Prendre le problème à la source
De toute façon, Johanna Fite rappelle que les pièges ne doivent être utilisés qu’en complément d’autres mesures, à commencer par le traitement du problème à la source – c’est-à-dire l’élimination des gîtes larvaires. Une lutte efficace contre les dépôts d’eau stagnante est le principal moyen de lutter contre la propagation des moustiques. Et si, en l’espèce, les maires ont un certain nombre de responsabilités, tous les experts insistent sur l’importance de « la mobilisation sociale », c’est-à-dire le fait d’impliquer le plus grand nombre de personnes possible dans cette lutte. « Un petit geste comme celui de vider les coupelles sous les pots de fleurs n’a l’air de rien, explique l’experte de l’Anses, mais il a une importance considérable » s’il est effectué par tous. D’où l’importance de la communication, par les communes par exemple, vis-à-vis du grand public.
« Lutte intégrée » et « mobilisation sociale »
Rappelons que depuis le décret du 29 mars 2019, les maires ont des responsabilités nouvelles en la matière, puisqu’il entre désormais dans leurs compétences « d’agir aux fins de prévenir l’implantation et le développement d’insectes vecteurs sur (leur) commune ». Dans ce but, il peut notamment « informer la population et mettre en place des actions de sensibilisation du public » ; mettre en place, dans les zones urbanisées incluant une mare, « un programme de repérage, de traitement et de contrôle des sites publics susceptibles de faciliter le développement des insectes vecteurs » ; intégrer un volet relatif à la lutte antivectorielle dans le plan communal de sauvegarde (PCS). Les maires concernés doivent également prescrire aux propriétaires de terrains bâtis ou non bâtis incluant des mares ou des fossés à eau stagnante « les mesures nécessaires pour lutter contre l'insalubrité que constitue le développement des insectes vecteurs ».

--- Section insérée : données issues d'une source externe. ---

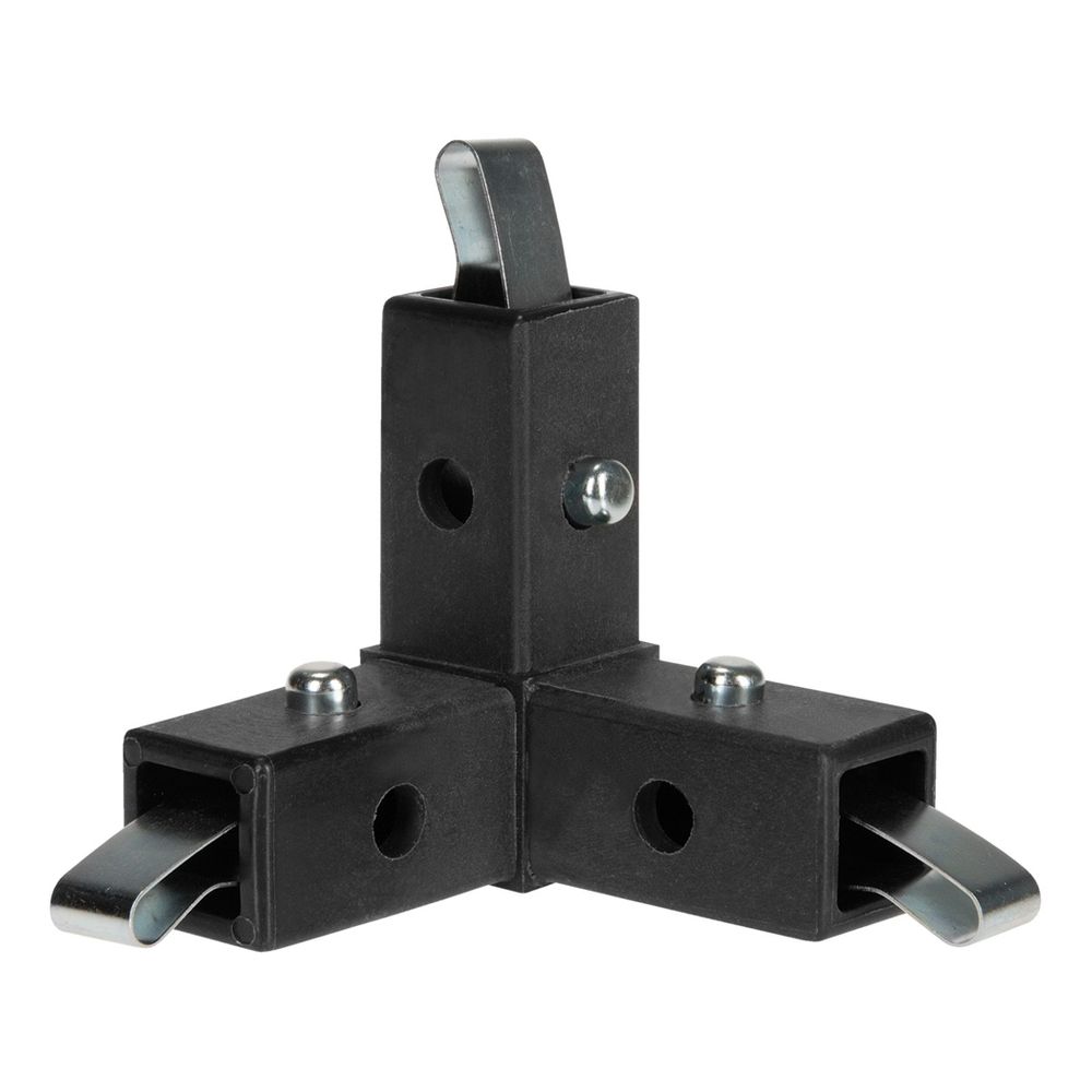 Integral to the versatile and modular system design, this Scrim Jim Cine 3D Corner Frame Connector from Westcott is used to connect any three Scrim Jim Cine frame tubes at a corner for making three-dimensional light control tools, such as cubes or free-standing reflector panels. A built-in positive locking button ensures a secure connection with the frame tube and its durable construction helps to maintain rigidity throughout long shoots and day-to-day use.

Pour en savoir plus sur les mesures que peuvent prendre les maires dans ce domaine, l’Anses recommande aux maires de s’inspirer du Guide à l’attention des collectivités souhaitant mettre en œuvre une lutte contre les moustiques urbains vecteurs de dengue, de chikungunya et de zika publié en 2016 par le Centre national d’expertise sur les vecteurs. Même si ce guide a vieilli sur les questions réglementaires, puisqu’il date d’avant le décret de 2019, il est riche de conseils et de recommandations pour mener une « lutte intégrée », c’est-à-dire « combinant des mesures biologiques, physiques, chimiques et de mobilisation sociale, dans un double objectif d’efficacité contre la population vectorielle ciblée et de respect de l’environnement ».